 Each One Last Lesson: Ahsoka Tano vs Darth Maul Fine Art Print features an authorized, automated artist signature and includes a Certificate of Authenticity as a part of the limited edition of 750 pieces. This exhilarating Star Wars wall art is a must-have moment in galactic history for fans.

---

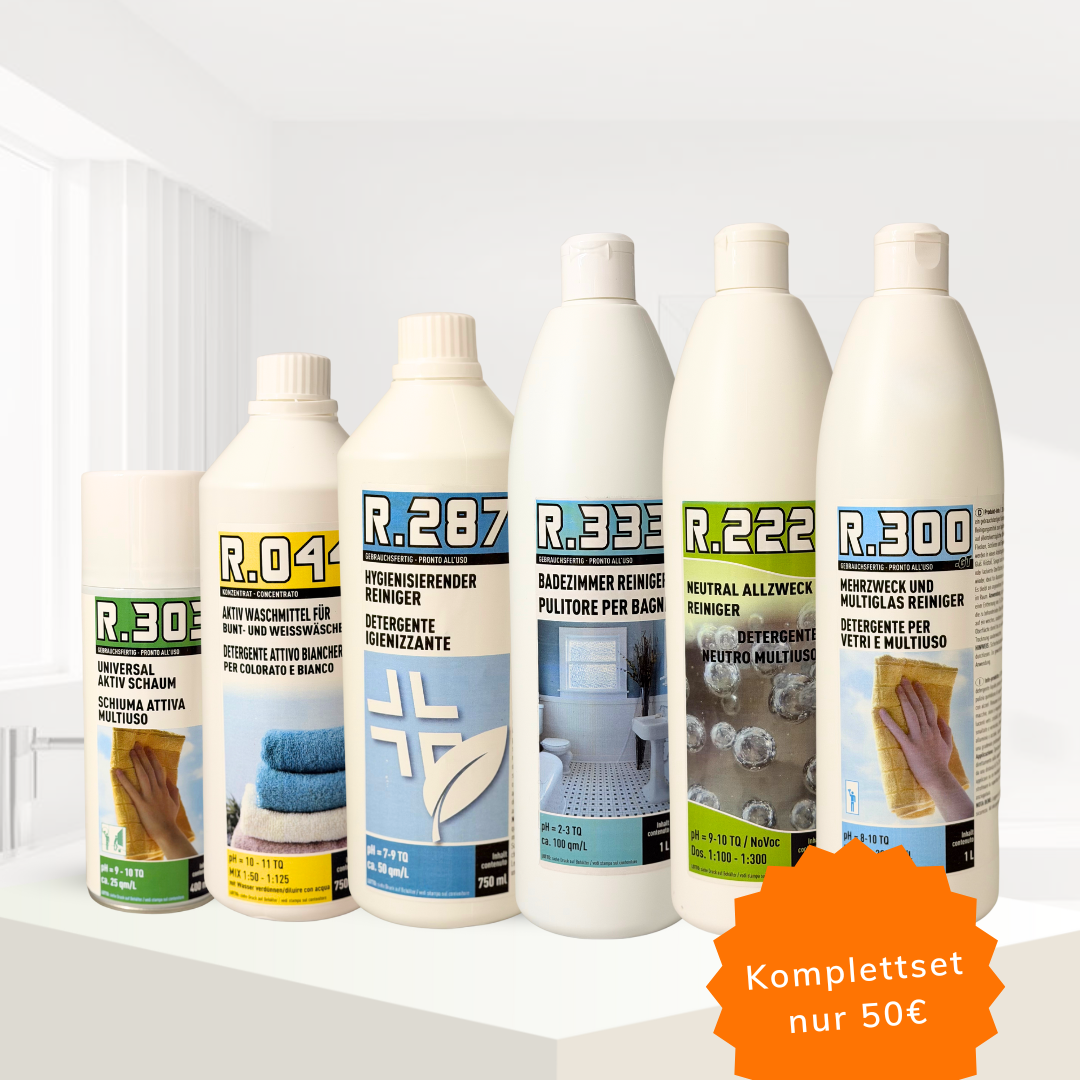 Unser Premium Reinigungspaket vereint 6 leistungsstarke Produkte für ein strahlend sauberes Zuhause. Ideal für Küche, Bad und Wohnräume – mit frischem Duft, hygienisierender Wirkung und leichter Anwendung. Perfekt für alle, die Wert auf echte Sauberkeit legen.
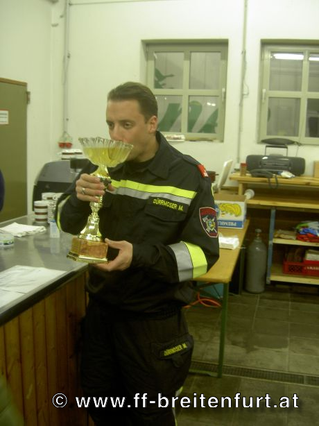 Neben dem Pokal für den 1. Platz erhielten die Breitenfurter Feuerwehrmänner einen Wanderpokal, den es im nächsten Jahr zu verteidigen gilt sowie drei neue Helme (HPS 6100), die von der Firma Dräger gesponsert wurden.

...

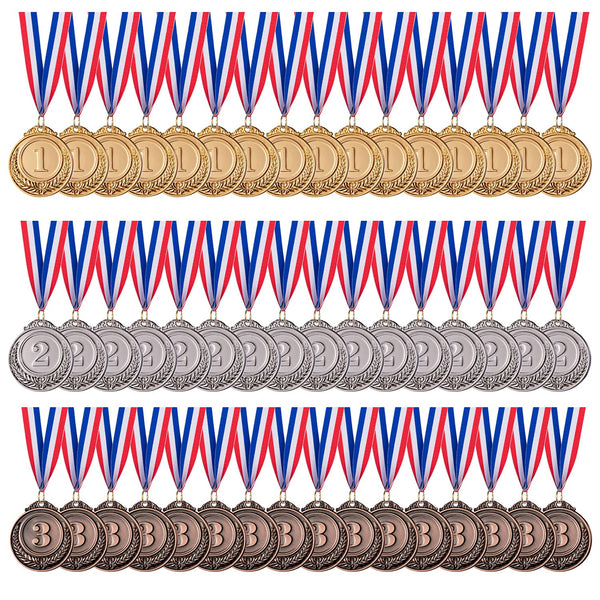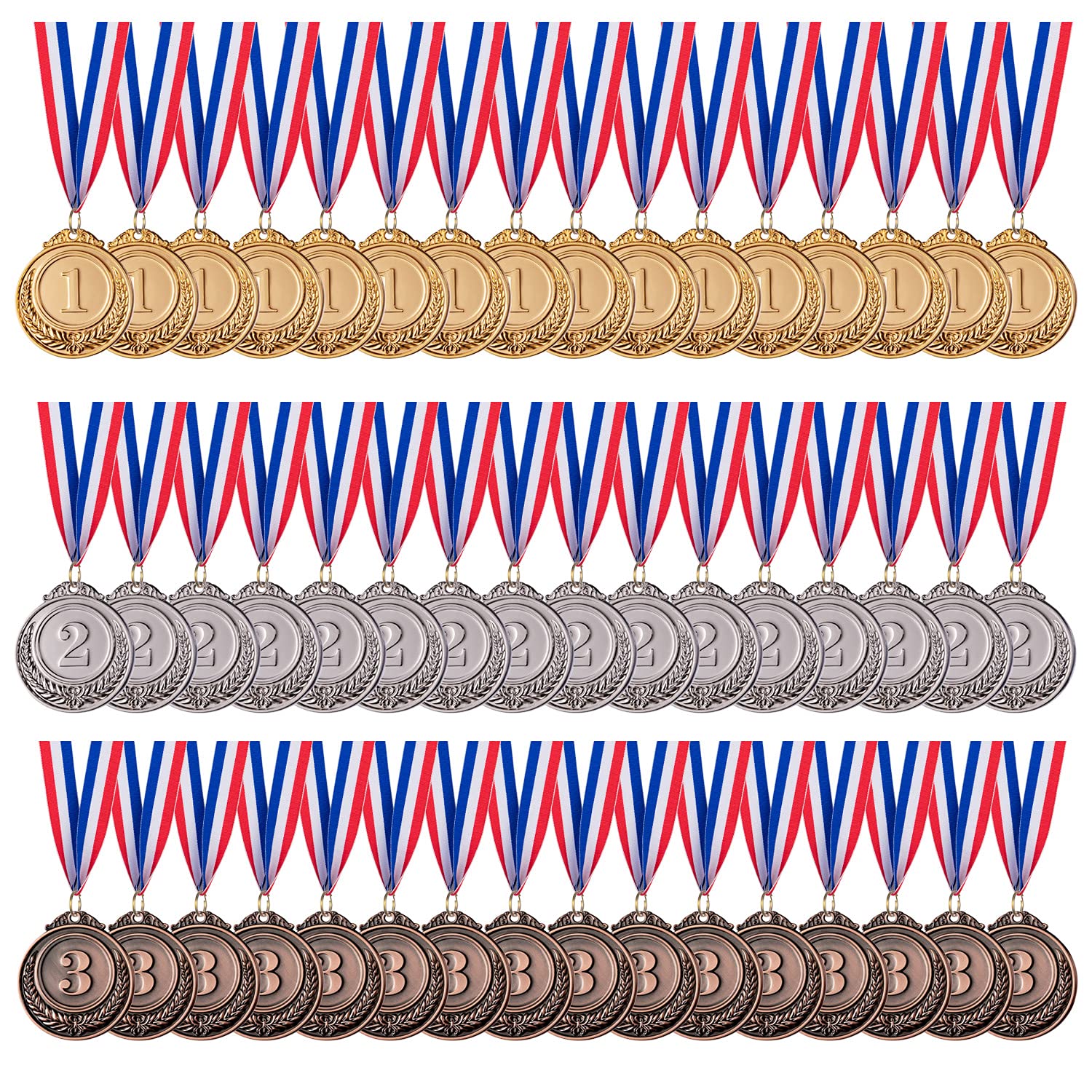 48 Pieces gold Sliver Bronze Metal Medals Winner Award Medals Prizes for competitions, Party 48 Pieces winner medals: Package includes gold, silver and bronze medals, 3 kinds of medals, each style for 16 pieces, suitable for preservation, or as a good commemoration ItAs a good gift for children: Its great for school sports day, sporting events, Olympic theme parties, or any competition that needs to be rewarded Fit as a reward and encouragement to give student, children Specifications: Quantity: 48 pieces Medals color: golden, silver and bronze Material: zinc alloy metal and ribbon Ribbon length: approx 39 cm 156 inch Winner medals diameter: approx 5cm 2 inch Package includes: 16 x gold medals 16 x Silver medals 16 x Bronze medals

_Exercise brief:_ Please output the lines above beginning at the line with "Unser Premium Reinigungspaket" and ending after the line with "Neben dem Pokal", precisely as written and with no pictures.

_Exercise output:_
 Unser Premium Reinigungspaket vereint 6 leistungsstarke Produkte für ein strahlend sauberes Zuhause. Ideal für Küche, Bad und Wohnräume – mit frischem Duft, hygienisierender Wirkung und leichter Anwendung. Perfekt für alle, die Wert auf echte Sauberkeit legen.
 Neben dem Pokal für den 1. Platz erhielten die Breitenfurter Feuerwehrmänner einen Wanderpokal, den es im nächsten Jahr zu verteidigen gilt sowie drei neue Helme (HPS 6100), die von der Firma Dräger gesponsert wurden.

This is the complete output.